= WHAT THE TASK REQUIRES =
Below are records to give again exactly; omit each image they contain.

++++ INPUT DATA

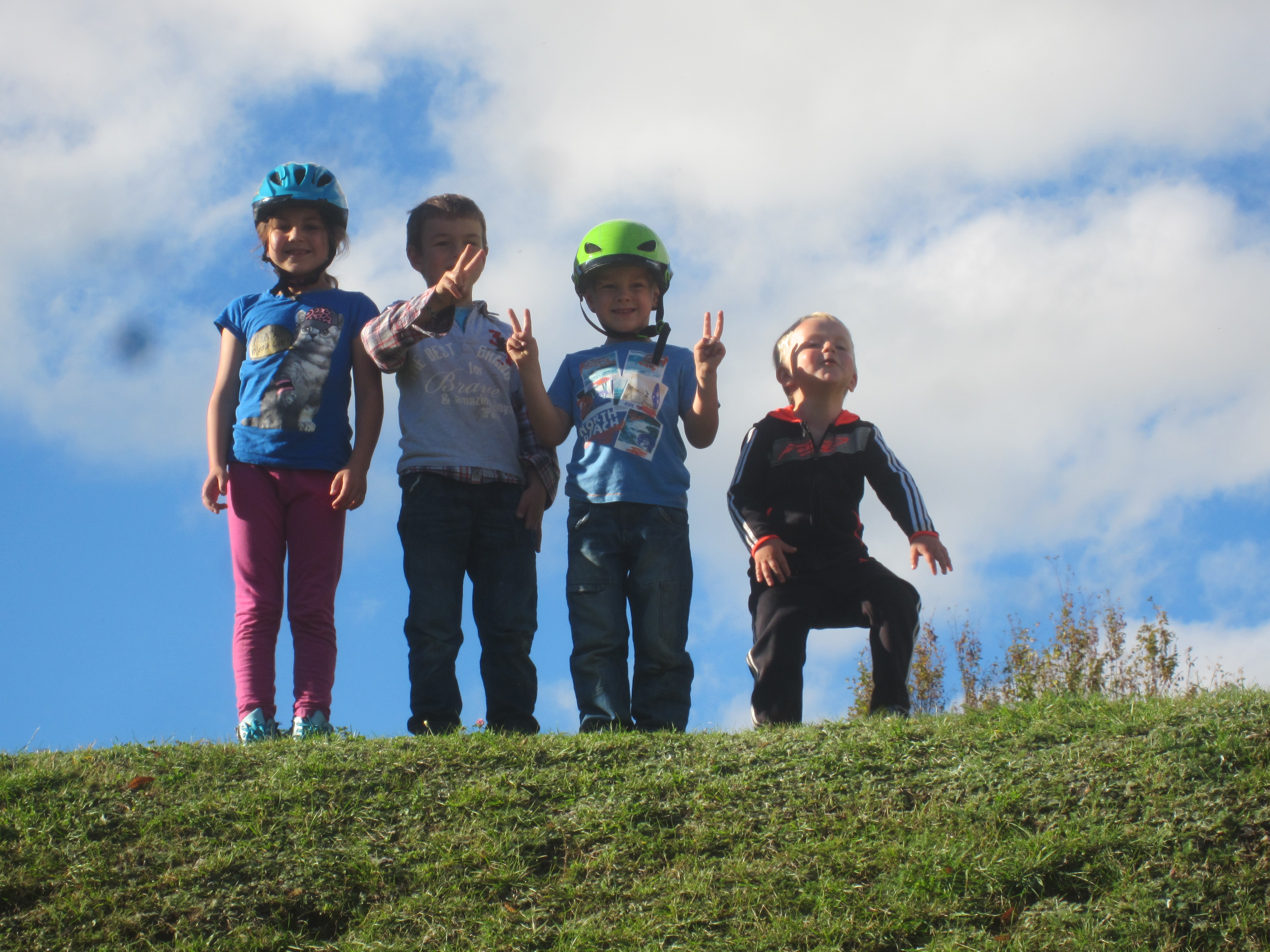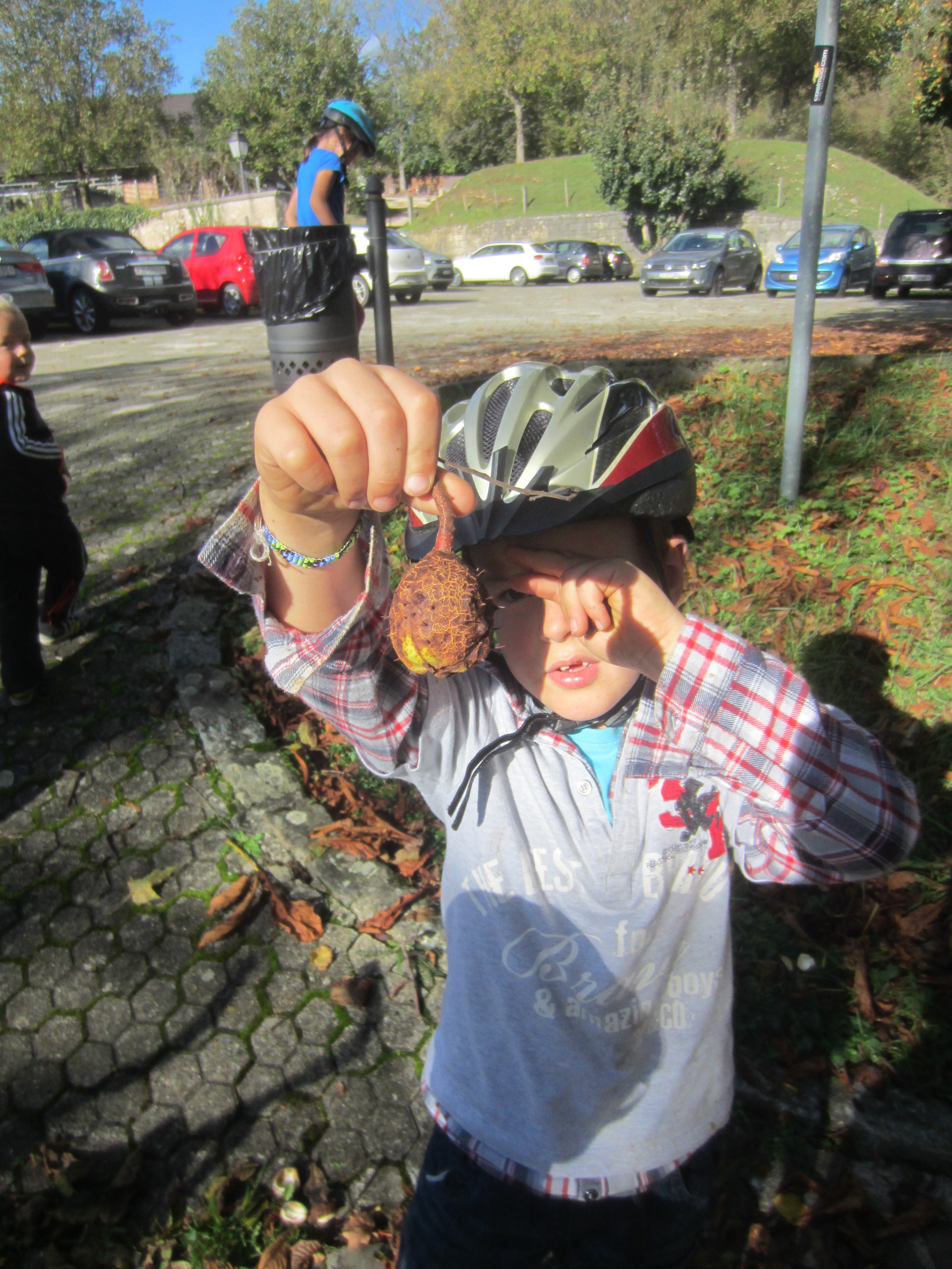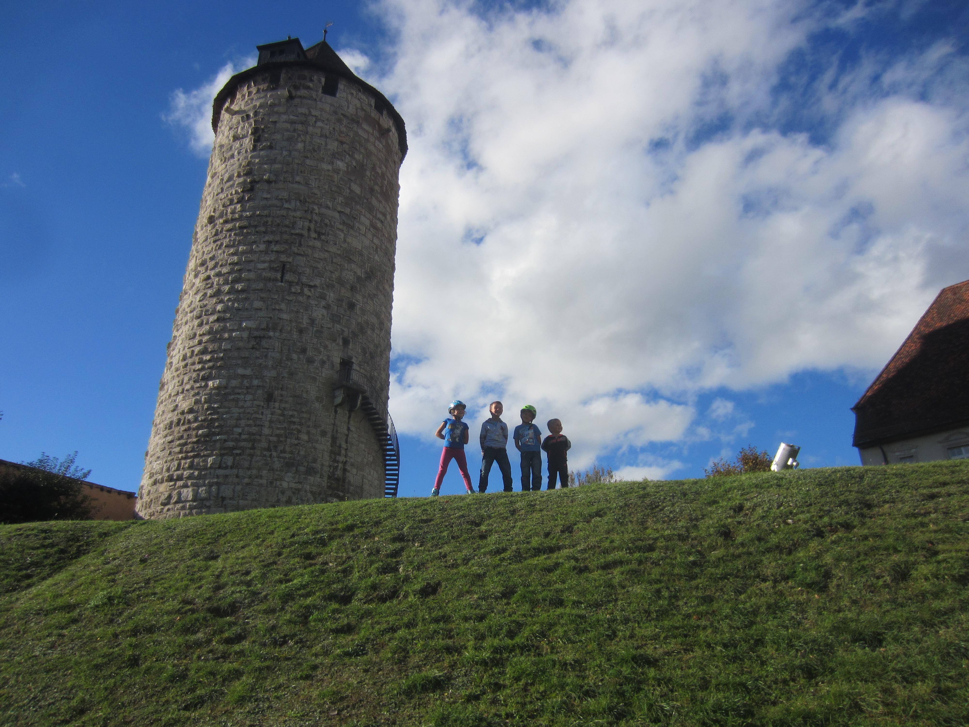 Grimpant sur le tertre de la tour, les enfants surplombent l’esplanade du château.
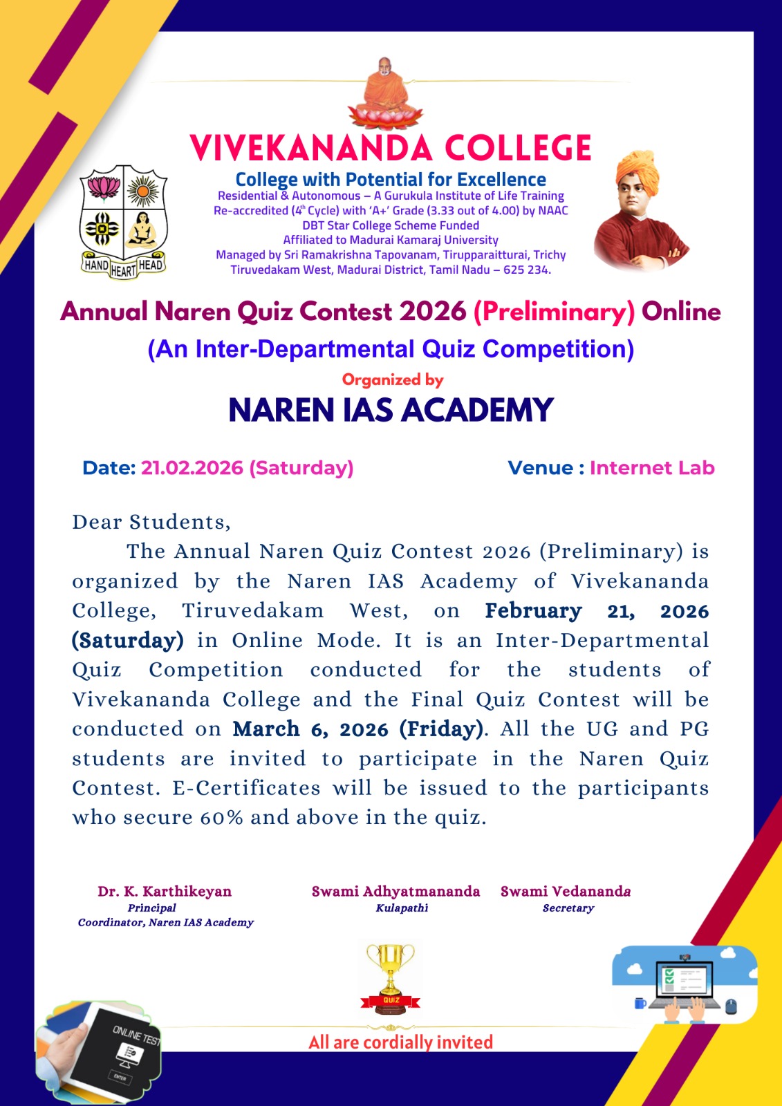Annual Naren Quiz Contest 2026 (Preliminary) Online – An Inter-Departmental Quiz Competition
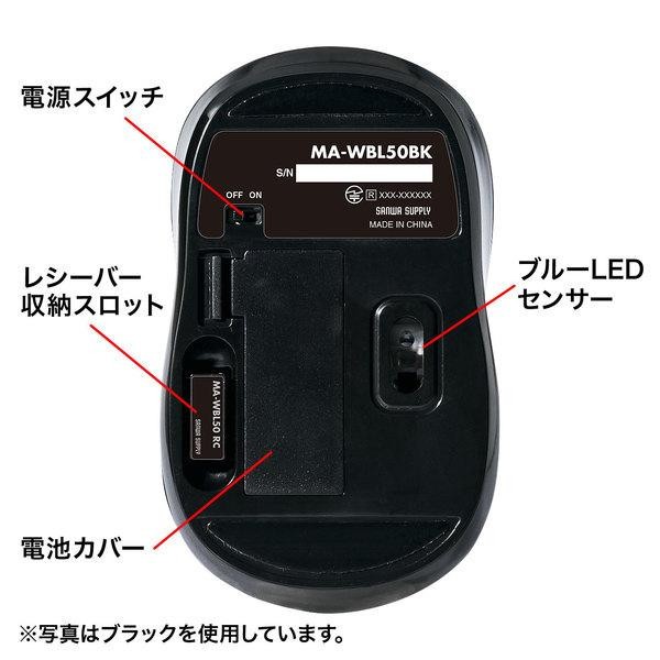 スタンダードな左右対称形のワイヤレスブルーLEDマウス。
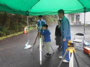 発掘調査には欠かせない、地面の高さの違いを測定する機器、「レベル」の操作を体験してもらうコーナーです。測定したい場所に機器を向け、ピントを合わせて測定するには、コツが必要です。スタッフの説明を聞きながら、うまく合わせることができていました。
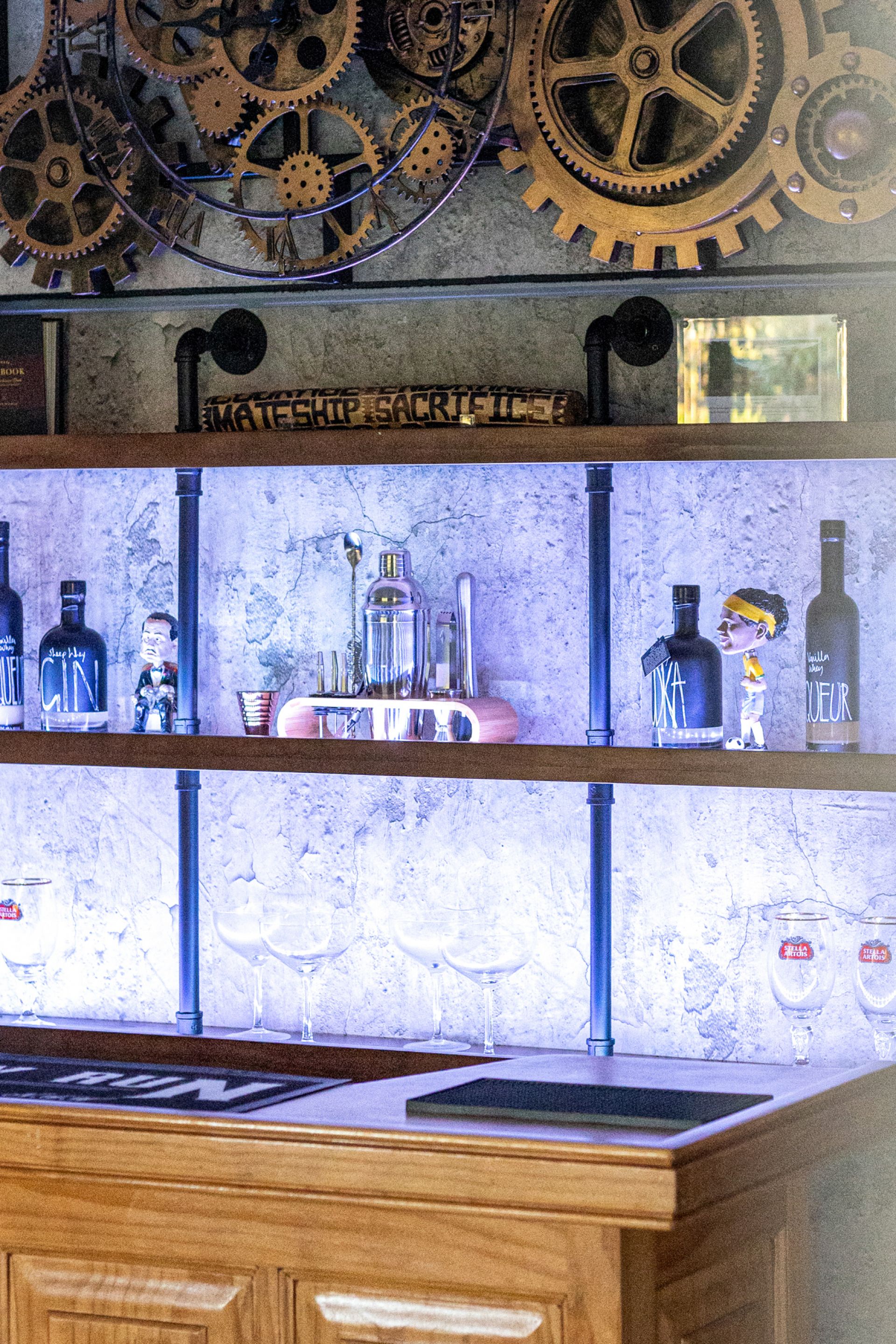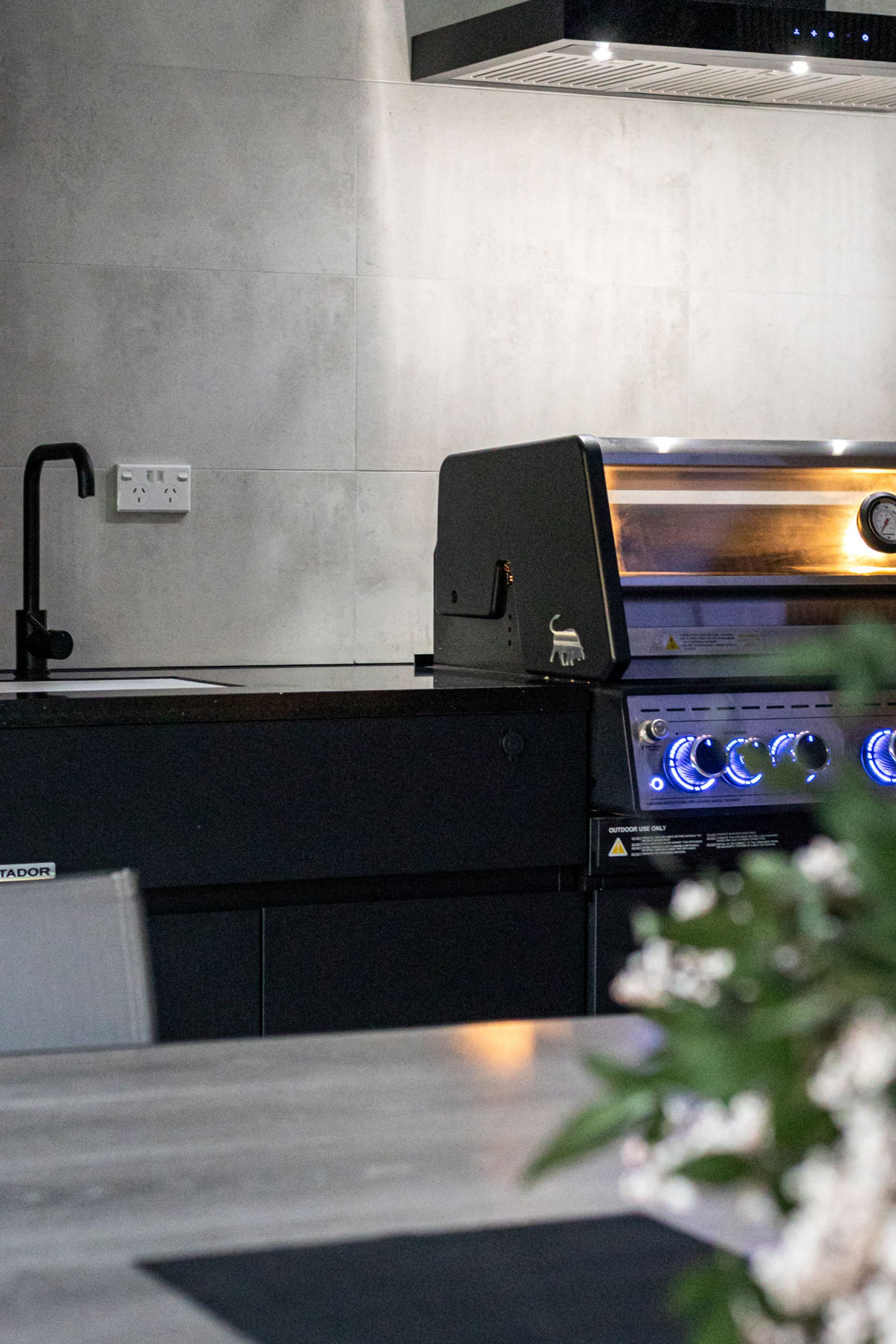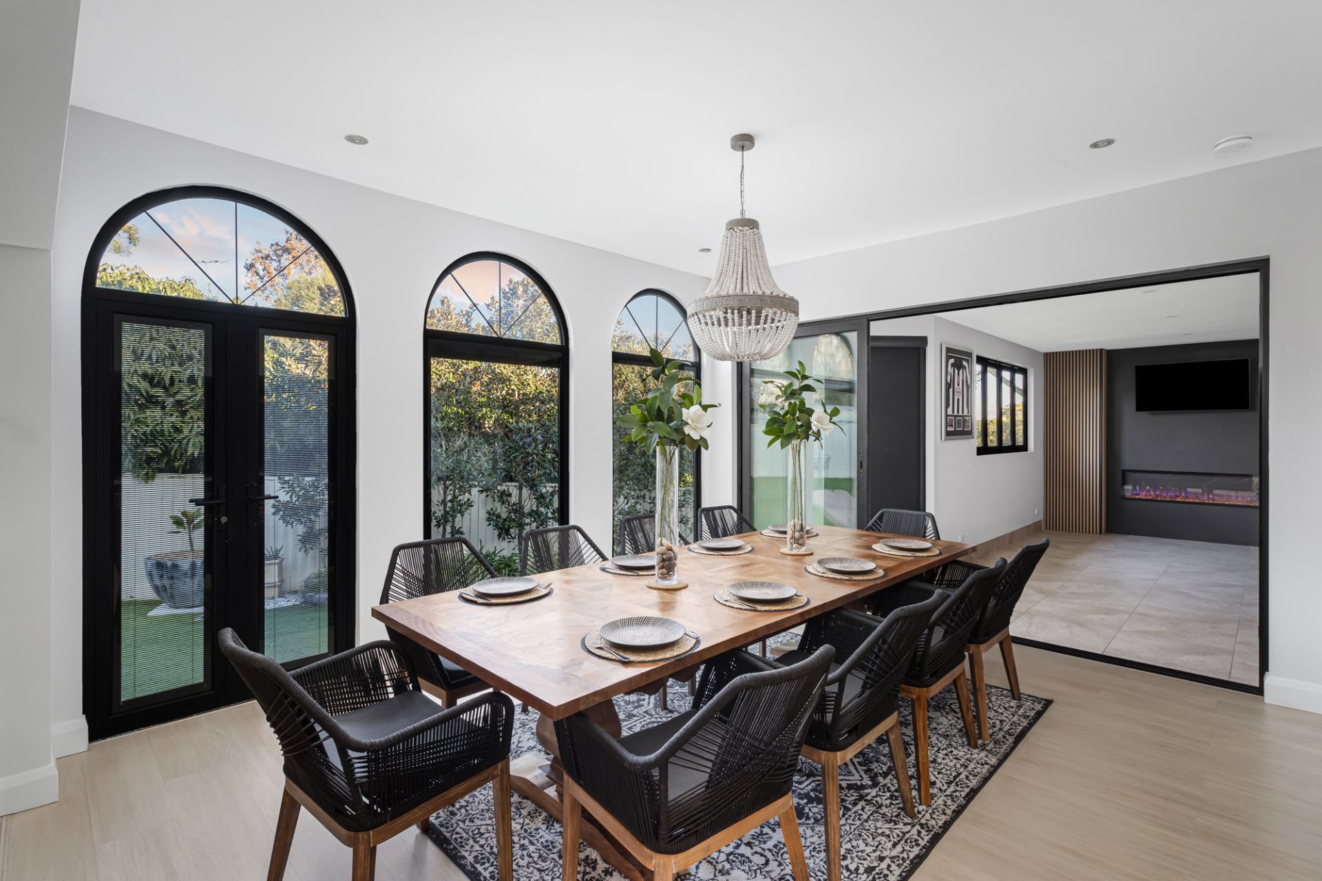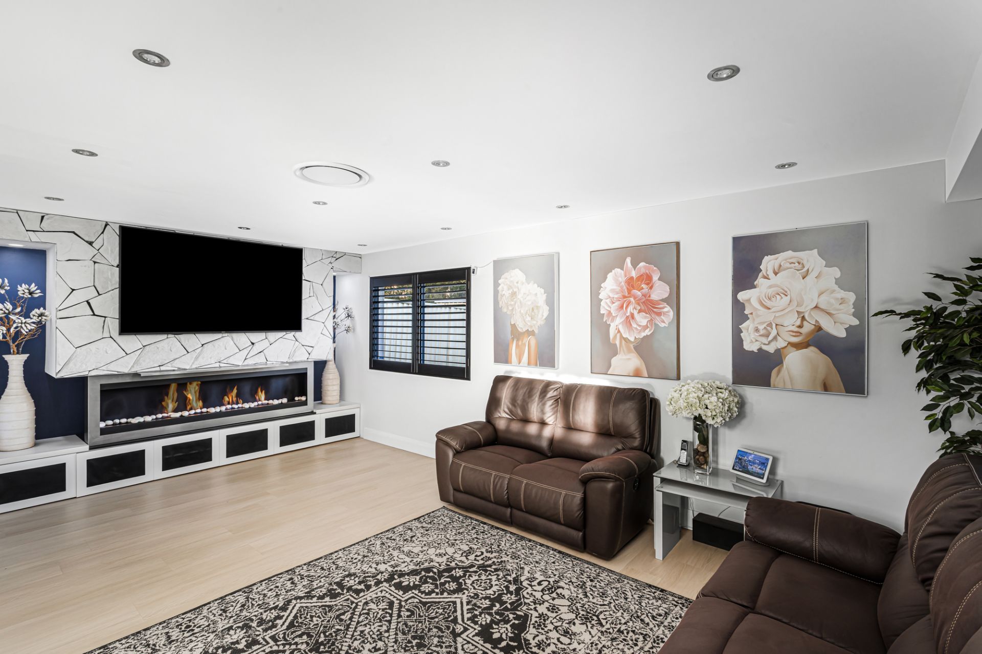 • Massive indoor entertaining area with bar, wall-mounted gas fireplace, separate air-conditioning, barbecue with range hood, built-in fridge and kitchenette

++++++++

= ANSWER TO THIS TASK =
 Grimpant sur le tertre de la tour, les enfants surplombent l’esplanade du château.
Annual Naren Quiz Contest 2026 (Preliminary) Online – An Inter-Departmental Quiz Competition
 スタンダードな左右対称形のワイヤレスブルーLEDマウス。
 発掘調査には欠かせない、地面の高さの違いを測定する機器、「レベル」の操作を体験してもらうコーナーです。測定したい場所に機器を向け、ピントを合わせて測定するには、コツが必要です。スタッフの説明を聞きながら、うまく合わせることができていました。
 • Massive indoor entertaining area with bar, wall-mounted gas fireplace, separate air-conditioning, barbecue with range hood, built-in fridge and kitchenette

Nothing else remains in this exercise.